RFR: Re-do streamlining of read-barriers in Access API, and fix call paths that might lead to read-barriers via oop_iterate()

Fri Jul 6 12:04:24 UTC 2018

Am 06.07.2018 um 12:39 schrieb Aleksey Shipilev:
> On 07/05/2018 08:43 PM, Roman Kennke wrote:
>> The previous patch to use SBS::resolve_forwarded() directly from Access
>> API impl failed because some fricking code paths get to read-barriers
>> via oop_iterate() and make full-GC fail because fwd-ptr is temporarily
>> pointing to nirvana.
>>
>> This fixes all those code paths to avoid read-barriers.
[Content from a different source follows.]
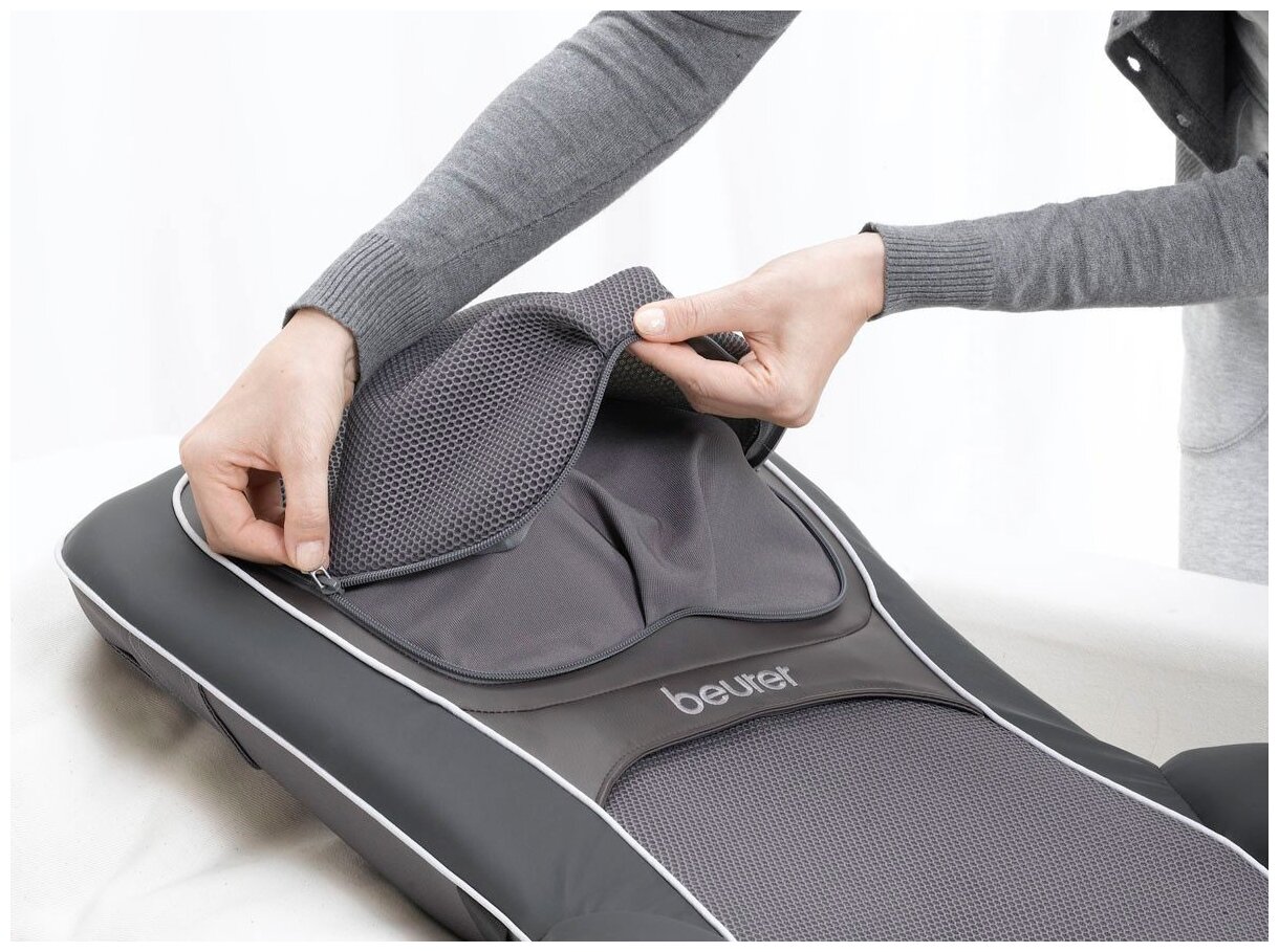 | Прочие особенности и свойства | 3D-массаж спины глубокого действия Массаж спины и шеи шиацу Точечный и частичный массаж Продольный роликовый массаж Возможность выбора массажной зоны (верхний или нижний отдел спины, вся спина) 2 скорости движения массажных роликов Подключаемая функция инфракрасного подогрева и подсветки Простой и удобный пульт управления Таймер на 5, 10 или 15 минут процедуры Автоматическое отключение через 15 мин работы Покрытие из искусственной кожи, мягкого велюра и "дышащей" ткани Mesh Чехлы для шеи и спины можно стирать при 40°С Съемная подушка сидения Удобная вешалка для размещения массажера в шкафу |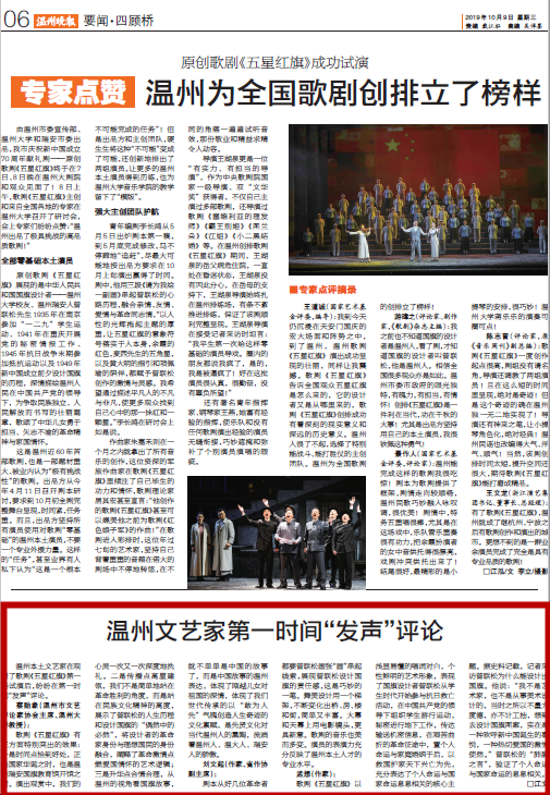 温州本土文艺家在观看了歌剧《五星红旗》第一场试演后,纷纷在第一时间“发声”评论。

Some use
>> explicit *_raw() accessor variants now, and metadata is now accessed via
>> raw call wholesale.
>>
>> the non-Shenandoah stuff will have to be upstreamed soon. Want to bake
>> it a little more in Shenandoah though, who knows, maybe we find more
>> such off-the-rails code paths?
>>
>> http://cr.openjdk.java.net/~rkennke/fix-rbs/webrev.00/
> 
> OK for sh/jdk.


Thanks. Testing turned out another code path that requires raw access
(and needs upstreaming). This is obviously bogus to do barrier'd access:

diff --git a/src/hotspot/share/oops/instanceRefKlass.inline.hpp
b/src/hotspot/share/oops/instanceRefKlass.inline.hpp
--- a/src/hotspot/share/oops/instanceRefKlass.inline.hpp
+++ b/src/hotspot/share/oops/instanceRefKlass.inline.hpp
@@ -184,9 +184,9 @@

   log_develop_trace(gc, ref)("InstanceRefKlass %s for obj " PTR_FORMAT,
s, p2i(obj));
   log_develop_trace(gc, ref)("     referent_addr/* " PTR_FORMAT " / "
PTR_FORMAT,
-      p2i(referent_addr), p2i((oop)HeapAccess<ON_UNKNOWN_OOP_REF |
AS_NO_KEEPALIVE>::oop_load_at(obj,
java_lang_ref_Reference::referent_offset)));
+      p2i(referent_addr), p2i((oop)RawAccess<>::oop_load(referent_addr)));
   log_develop_trace(gc, ref)("     discovered_addr/* " PTR_FORMAT " / "
PTR_FORMAT,
-      p2i(discovered_addr),
p2i((oop)HeapAccess<AS_NO_KEEPALIVE>::oop_load(discovered_addr)));
+      p2i(discovered_addr),
p2i((oop)RawAccess<>::oop_load(discovered_addr)));
 }
 #endif


Ok to include that in the patch?


>> Testing: tier3_gc_shenandoah
> 
> This seems to improve Serial:
>   before: 19535.551 ± 225.129  ops/s
>    after: 20120.271 ± 103.193  ops/s

Very nice. So we finally found a benchmark that is performance sensitive
on runtime barriers? I always used to argue that runtime barriers would
likely not show up anywhere...

Cheers, Roman